══ EXTRACTED INFORMATION

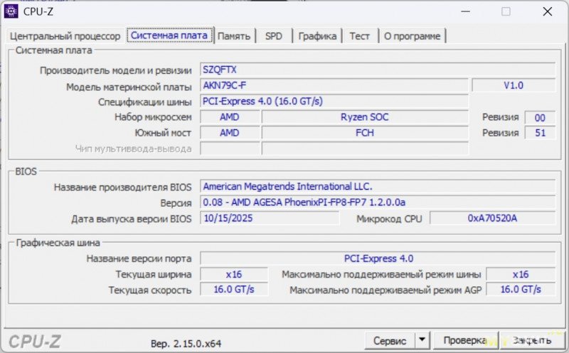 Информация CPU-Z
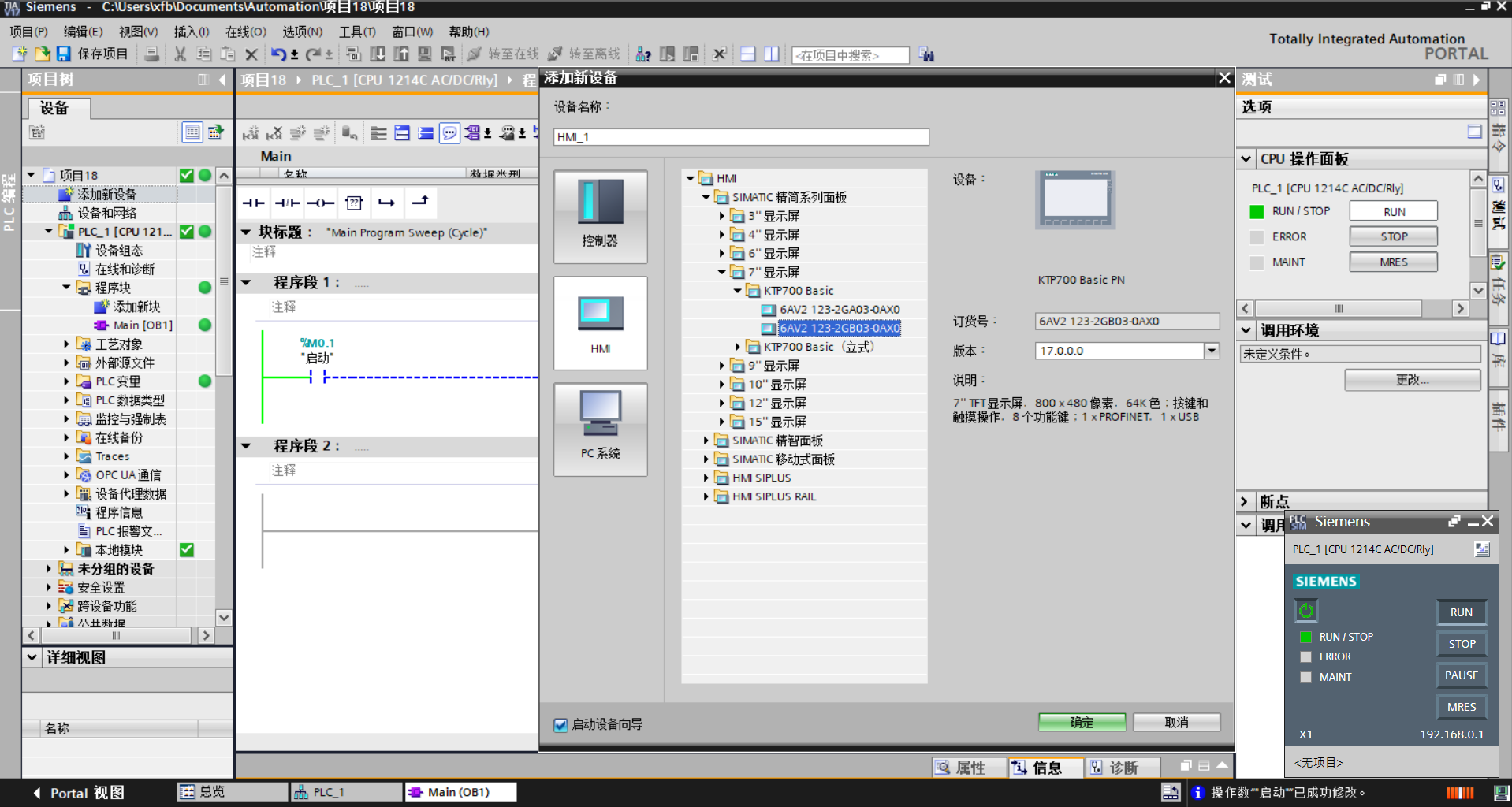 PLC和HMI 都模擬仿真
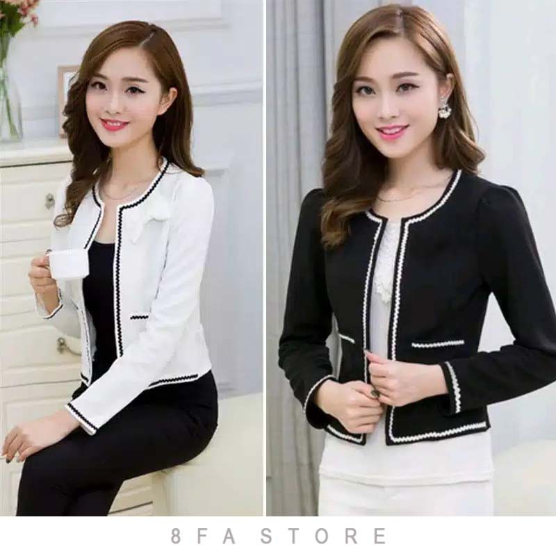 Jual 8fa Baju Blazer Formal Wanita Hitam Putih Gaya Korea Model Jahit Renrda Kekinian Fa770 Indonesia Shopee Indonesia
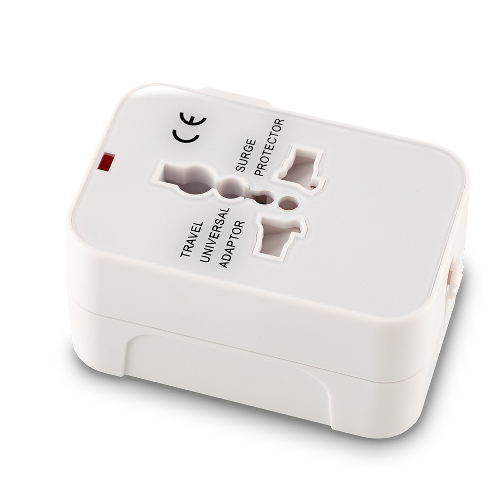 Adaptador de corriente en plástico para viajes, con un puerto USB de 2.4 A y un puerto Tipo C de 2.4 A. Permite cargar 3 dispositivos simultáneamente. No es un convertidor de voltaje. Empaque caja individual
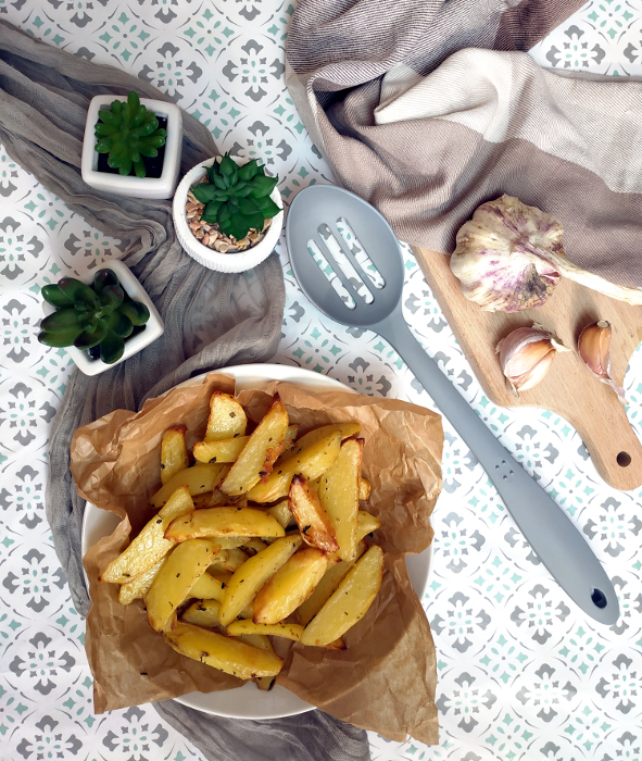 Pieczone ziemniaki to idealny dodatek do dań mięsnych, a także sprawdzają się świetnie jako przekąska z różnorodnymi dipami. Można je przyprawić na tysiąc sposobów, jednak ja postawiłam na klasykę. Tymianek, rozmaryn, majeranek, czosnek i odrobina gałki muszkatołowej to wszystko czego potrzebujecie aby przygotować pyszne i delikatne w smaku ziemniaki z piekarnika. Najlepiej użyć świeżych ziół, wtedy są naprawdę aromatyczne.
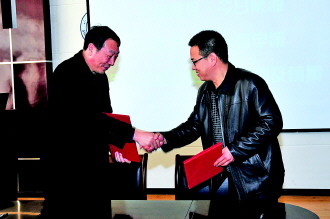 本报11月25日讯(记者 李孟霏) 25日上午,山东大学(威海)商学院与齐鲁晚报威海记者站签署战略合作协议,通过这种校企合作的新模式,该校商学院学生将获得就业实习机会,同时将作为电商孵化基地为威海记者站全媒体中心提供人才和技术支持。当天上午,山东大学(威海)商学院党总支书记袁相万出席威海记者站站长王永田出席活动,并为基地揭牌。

════

_WORK REQUIRED:_
Repeat each entry above exactly, passing over any images.

_SOLUTION FOR THIS TASK:_
 Информация CPU-Z
 PLC和HMI 都模擬仿真
 Jual 8fa Baju Blazer Formal Wanita Hitam Putih Gaya Korea Model Jahit Renrda Kekinian Fa770 Indonesia Shopee Indonesia
 Adaptador de corriente en plástico para viajes, con un puerto USB de 2.4 A y un puerto Tipo C de 2.4 A. Permite cargar 3 dispositivos simultáneamente. No es un convertidor de voltaje. Empaque caja individual
 Pieczone ziemniaki to idealny dodatek do dań mięsnych, a także sprawdzają się świetnie jako przekąska z różnorodnymi dipami. Można je przyprawić na tysiąc sposobów, jednak ja postawiłam na klasykę. Tymianek, rozmaryn, majeranek, czosnek i odrobina gałki muszkatołowej to wszystko czego potrzebujecie aby przygotować pyszne i delikatne w smaku ziemniaki z piekarnika. Najlepiej użyć świeżych ziół, wtedy są naprawdę aromatyczne.
 本报11月25日讯(记者 李孟霏) 25日上午,山东大学(威海)商学院与齐鲁晚报威海记者站签署战略合作协议,通过这种校企合作的新模式,该校商学院学生将获得就业实习机会,同时将作为电商孵化基地为威海记者站全媒体中心提供人才和技术支持。当天上午,山东大学(威海)商学院党总支书记袁相万出席威海记者站站长王永田出席活动,并为基地揭牌。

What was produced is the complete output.